Вся сочность и образность натренированного языка были мобилизованы для уничтожения самозванки и младенца в ее чреве: Колееву еженощно втолковывалось (днем они почти никогда не были наедине из-за обилия гостей и поклонников), с каким исчадием его угораздило связаться, в какую грязь оступиться.

И младенец — несчастная ловушка, попытка привязать, петля из плоти и жалости, — младенец этот не его. Биологически — да, его гены, но даже его гены в сочетании с этим низким телом способны призвать к жизни лишь не стоящее жизни существо. Забыть, забыть, как дурной сон!..

То, что Агни противилась уничтожению, как-то боролась за себя и младенца — не делала аборт, не травилась, не стихла бесследно в одной из психиатрических клиник, — довело степень ненависти и уязвленной боли до апогея.

Многолетний, медленно вызревающий перитонит взорвался.

Бросившись к Агни, она бросилась на всех обижавших, предававших, унижавших ее в несуразной, неполучившейся жизни, бросилась на саму жизнь, колченогую судьбу, на Колеева, блистательного предателя (на которого в реальности бросаться нельзя, но лишь понимать и ласкать, ворошить с лютой нежностью волосы, сгорая, желая ему смерти.

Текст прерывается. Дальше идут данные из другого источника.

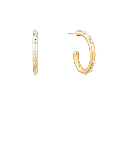 These Ady Tiny Pearl Hoops are the perfect addition to any jewelry collection. Made with dainty gold and a timeless pearl, they add a touch of elegance to any outfit. Elevate your style with these delicate yet eye-catching earrings.
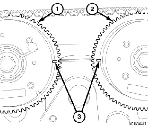 ^ Install timing chain so plated links on chain align with timing marks on camshaft sprockets (1).

Ей — смерти. Себе — вечного обморока. Миру — ядерного гриба)… Хрустнувшие под непомерным грузом позвонки духа. Тяжело осевшая на пол женщина. Шевелящиеся от кромешного ужаса волосы надо лбом.



Год назад, когда все у них только начиналось на зеленом диване «Юлия», Колеев проникновенным ночным шепотом рассказывал, какая тяжелая жизнь была у его жены, как ее предавали все, вплоть до родной матери, как страшно ему оказаться в числе палачей, как она добра…

Будь это другой человек, Агни прошлась бы на тот счет, что мужья некрасивых жен всегда отмечают в них либо выдающийся ум, либо столь же чрезмерную доброту, — но все, выходящее из уст Колеева, для нее словно освящалось, приобретало непререкаемую весомость. Она принимала его слова не просто за чистую монету — за светящуюся нездешним светом. Конечно же, она необыкновенно — до жгучего ощущения собственной злости и мелочности — добра, тонка, душевна…

Не одну бессонную ночь Агни съедало чувство вины: каково быть истязателем такой женщины! (Впрочем, любой другой тоже — осознавать себя карающим мечом, клещами палача невыносимо.) Она думала, выстраивала идиллически идиотские пути разрешения их тройных отношений. Развязать этот узел, оставив веревку целой (метод Александра Македонского тут не подходит!), оставив души всех троих целыми, не раня, можно, только сплавив всех воедино. Почему бы им не любить друг друга, всем троим?.. Противоестественно жене с любовницей любить друг друга? Скорей, сверхъестественно, то есть естественно на высшем по сравнению с тем, в котором живешь большей частью, слоем бытия. К нему надо стремиться! «Если она — твоя половина, то почему я не люблю ее так же сильно, как и тебя?» — вопрос из полудетского стихотворения Агни. Действительно, почему? Действительно, какого черта?!.. Пусть жена — не половина Колеева (иначе ему не потребовалась бы она, Агни), но близкий человек, частица, и Агни готовилась любить ее, как и его. Да, она злая и эгоистичная, да, у нее не сразу это получится, но ведь они помогут ей, замечательно добрые, тонкие люди — Колеев и его жена.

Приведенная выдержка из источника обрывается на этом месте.